The folder actually contains only 3182 images

This is okay, as most of the images have multiple faces. Especially WiderFace dataset, has more number of people in a single image.

hectormdom commented 4 years ago

Hi, thanks for the reply, I intend to go through the whole thing and report back, I find it very interesting thanks for authoring this.

Thanks to you, also is my output correct (besides the warning)? it seems to me like I'm not getting images from anywhere except MAFA and WideFace.

Thank you for diligently going through the repo. Let me check on my end, if any issue with generating FDDB dataset in Kitti format. Once you get FDDB dataset completely, you should have good accuracy.

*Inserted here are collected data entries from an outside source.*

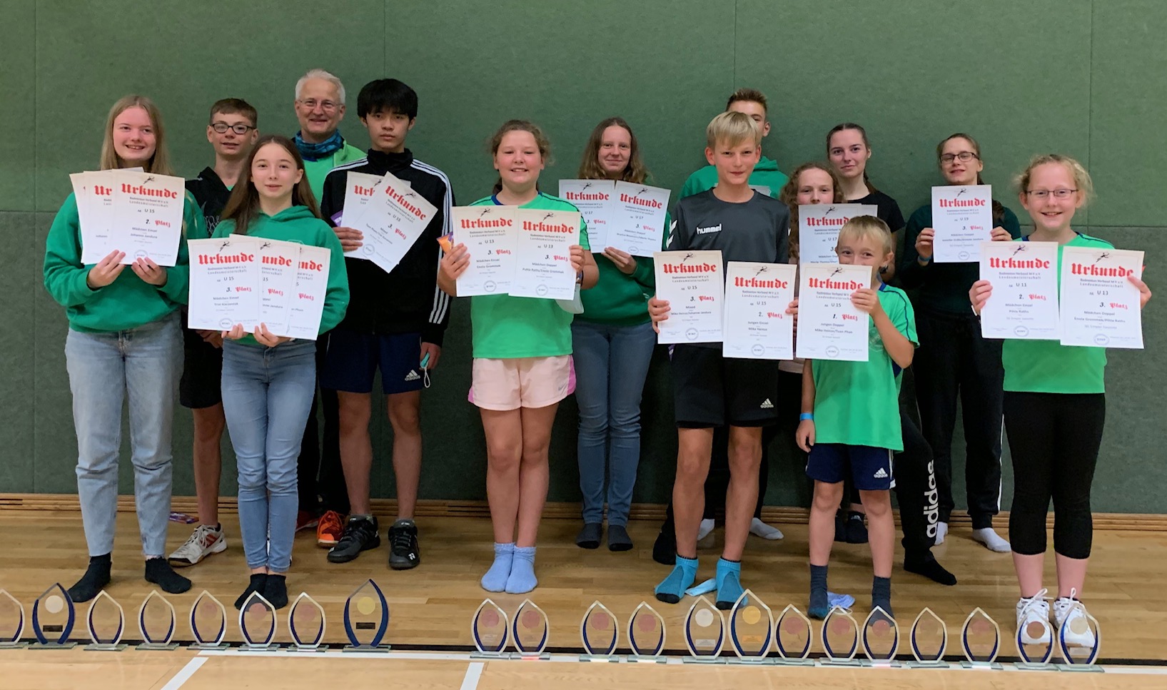 Die erfolgreichsten Starterinnen und Starter waren mit jeweils 3 Pokalen Johanne Jandura, Trixi Kaczeniok und Mika Heinze (alle U15). Sehr motivierend waren auch je 2 Pokale für unsere Neuzugänge Pihla Raths (U11), Enola Grommek (U13) und Tuan Pham (U15), die ihre erste Teilnahme an einer Landesmeisterschaft erleben durften und die noch kein ganzes Jahr intensiv Badminton trainieren, wobei Tuan schon etwas länger im Freizeitbereich dabei war.
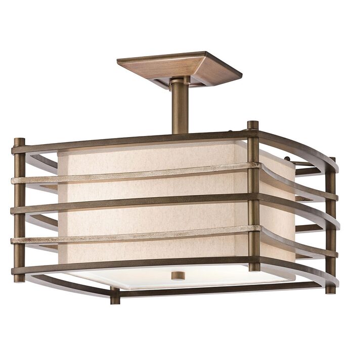 A rectangular linen fabric shade and white etched glass diffuser soften the look.
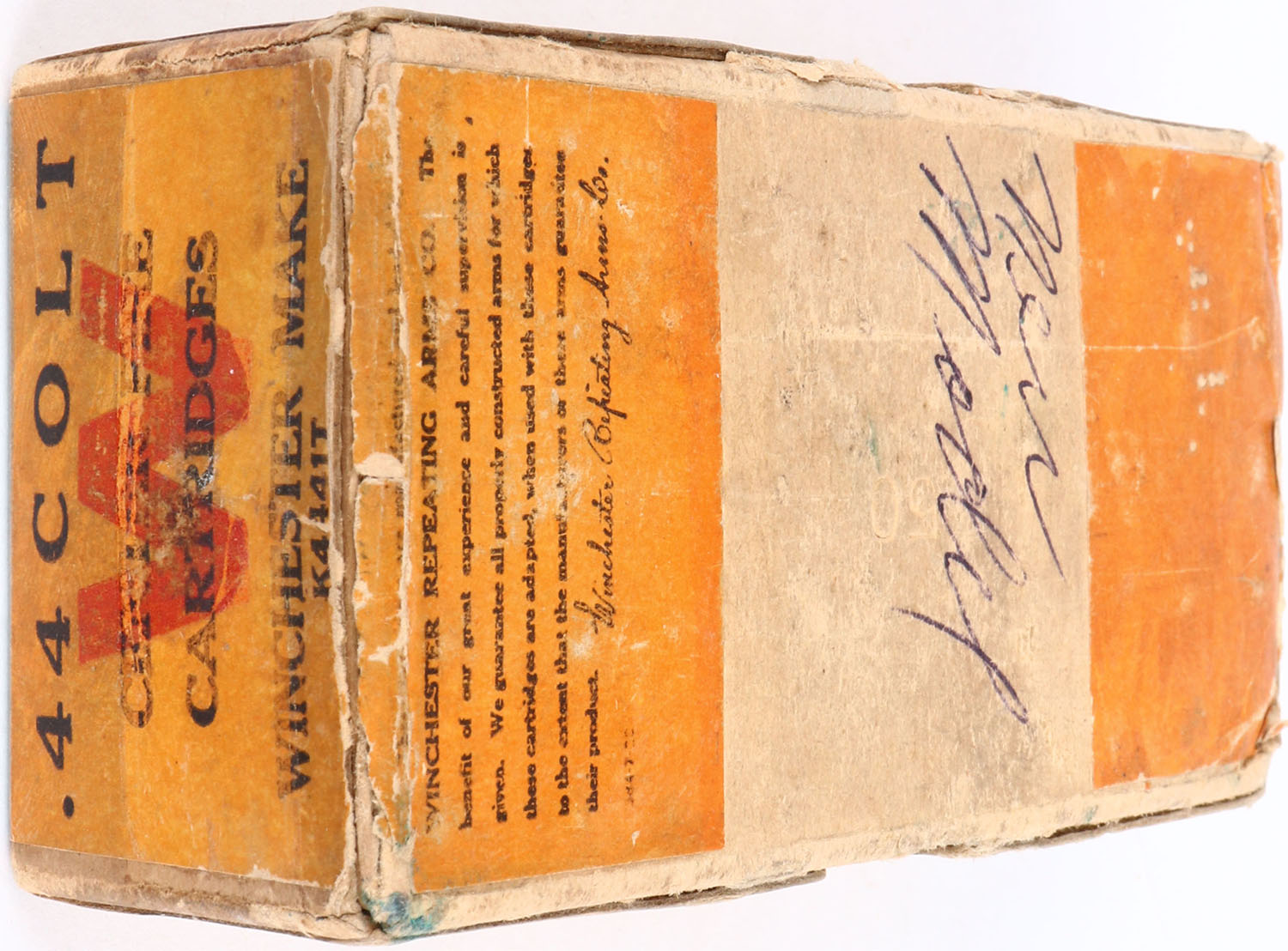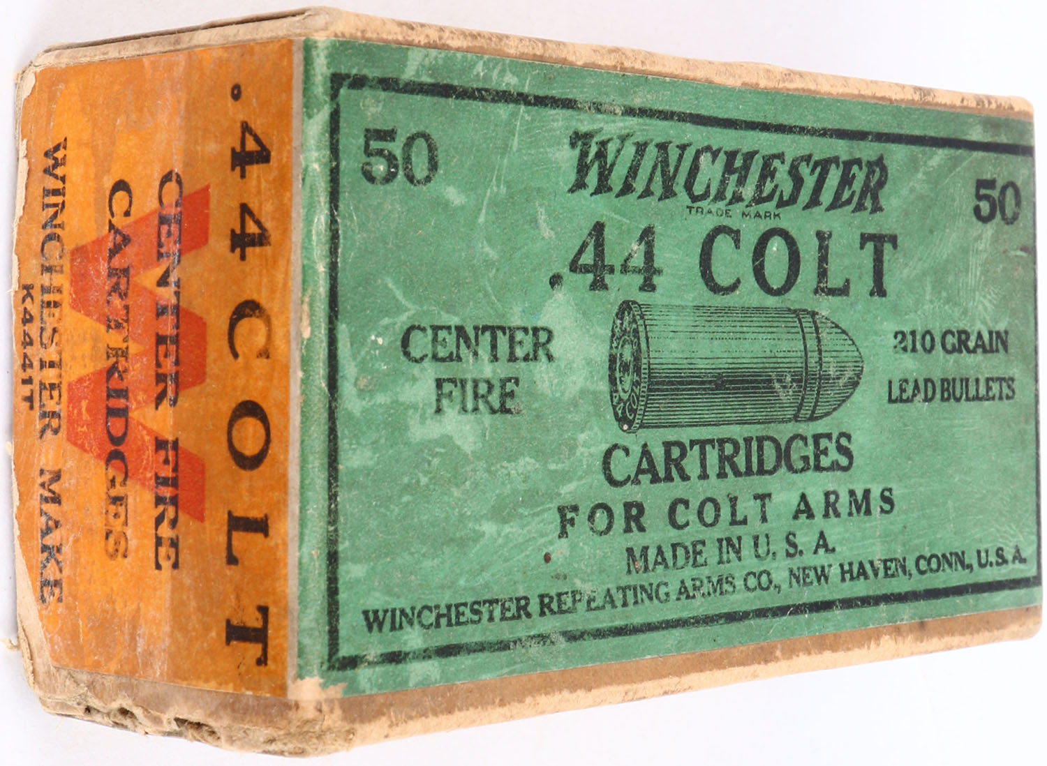 Winchester, .44 Colt, 210 Grain Lead Bullets, Full, 2pc. Buff box with green & orange wraparound label, box is solid with very good color, some age soiling, vertical seam split to front left corner of lid, tape stains all the way around lid, back side and bottom have been written on, some edge & corner wear, label is intact, ammo is very good. Grade: Very Good ++ - Value: 50 to 150

Also, I am assuming, for accuracy evaluations, what batch size are you using?

I tried running all the data_utils scripts individually and: kaggle2kitti.py no data, throws an error widerface2kitti.py no data, no error (it instantaneously says that it generated 1000 items but there's nothing in the folder and no processing time) mafa2kitti.py generates 13,882 images and labels fddb2kitti.py generates 780 images and labels (All the paths in the files are correctly set and absolute)

Originally I tried the default batch size 24 that was written on the file for my first run, the I upped it to 32 because I read it in an article, and now I'm going to try 16 as it says in the blog entry corresponding to this project.

hectormdom commented 4 years ago

In widerface2kitti.py I changed line 33 from file_image = os.path.splitext(image_name)[0].split('\\')[1] to file_image = os.path.splitext(os.path.split(image_name)[1])[0] ran it alone and it actually generated 413 images and labels

ak-nv commented 4 years ago

Ah. Nice. One more quick question, are you running this on Linux or Windows?

hectormdom commented 4 years ago

Linux, Ubuntu 18.04.5 LTS

ak-nv commented 4 years ago

Ok. Let me test on that as well. i am currently testing on Windows.

hectormdom commented 4 years ago

Thanks a lot, I've tried a ton of things through comparison of the scripts that do work against the kaggle one, but to no avail

ak-nv commented 3 years ago

Closing as no activity for more than 20days. Please re-open if needed.